The hardcoded address is valid in the dispatcher, and LR is still returning to the dispatcher after the blr but it still jumped to zero, which seems to imply a tail call optimization breaking somewhere.
Disabling SRA works around this issue, which is odd.
Single instruction sized blocks also happen to work around the issue.
Disabling optimization passes also seems to work around this issue.
Tinkering around in const prop changes behaviour but I don't know if it is a actually affecting the core problem.
This might actually be a race condition somewhere. tasksetting the process to a single core seems to work around it.
Hmm, delinking is not synchronized. Are there more than one threads involved?
That could also explain the random SMC test crashes we're seeing.

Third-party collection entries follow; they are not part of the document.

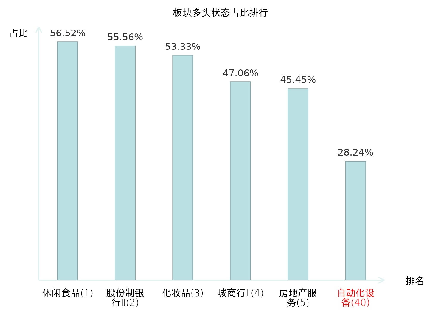 全市场所有行业板块中主力多头状态占比排名中,休闲食品板块位居第一。汽车服务板块名次提升最快,较昨日上升90位。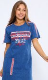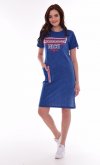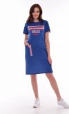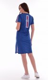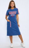 Стильная женская туника из кулирки. Приталеного покроя. С карманом.На кармане принт в виде отделочной ленты.Также отделочная лента присутствует на плечевых швах в виде пагонов. На ленте принт-люверсы.Присутствует разрез с одого бока. Длина изделия 50 размера: длина по спинке - 106 см. Состав: 100%-хлопок.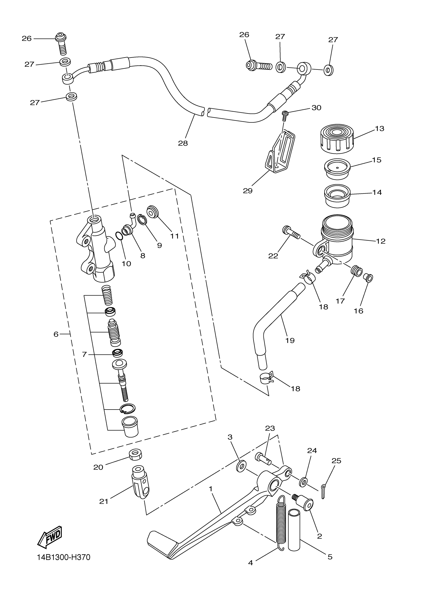 Yamaha YZFR1AR (YZFR1) 1KB5 2011 REAR MASTER CYLINDER Diagram

Definitely multiple processes. Not sure if there is multiple threads, it's just a bash script after all
Hmm, there's also the VFORK lack of blocking that can lead to corruption, and iirc bash uses VFORK
Can't repro here
mdMMMMbm
mMMMMMMMMMMm
mMMMMMMMMMMMMm
mMMMMMMMMMMMMMMm
hMMMV^VMMV^VMMMh
MMMMM MM MMMMM
hMMs vv sMMh
hMMM: :MMMh
.hMMMh hMMMh.
-dMMMh __ hMMMd-
:mMMMs || sMMMm:
:MMMM+ || _ +NMMN:
.mMMM+ ======== +MMMm.
yMMMy ############## yMMMy
mMMM: ############## :MMMm
mMM nn nn nn nn MMm
o nNNNNNNNn nNNNNNNNn o
nNNNNNNNNNn nNNNNNNNNNn
nNNNNNNNNNNN NNNNNNNNNNNn
+NNNNNNNNN: :NNNNNNNNN+
nNNNNNNN /\ NNNNNNNn
nnnnn db nnnnn
888 d8b .d8888b. .d8888b. 888b d888
888 Y8P d88P Y88b d88P Y88b 8888b d8888
888 888 888 Y88b. 88888b.d88888
888 888 88888b. 888 888 888 888 888 Y888b. 888Y88888P888
888 888 888 88b 888 888 Y8bd8P 888 88888 Y88b. 888 Y888P 888
888 888 888 888 888 888 X88K 888 888 888 888 Y8P 888
888 888 888 888 Y88b 88Y .d8pq8b. Y88b d88P Y88b d88P 888 * 888
LinuxGSM 888 888 888 Y8888Y 888 888 Y2012P88 Y8888P 888 888
=================================
LinuxGSM_
by Daniel Gibbs
Version: v22.1.0
Game: Team Fortress Classic
Website: https://linuxgsm.com
Contributors: https://linuxgsm.com/contrib
Sponsor: https://linuxgsm.com/sponsor
=================================
Server Directory
=================================
Warning! A server is already installed here.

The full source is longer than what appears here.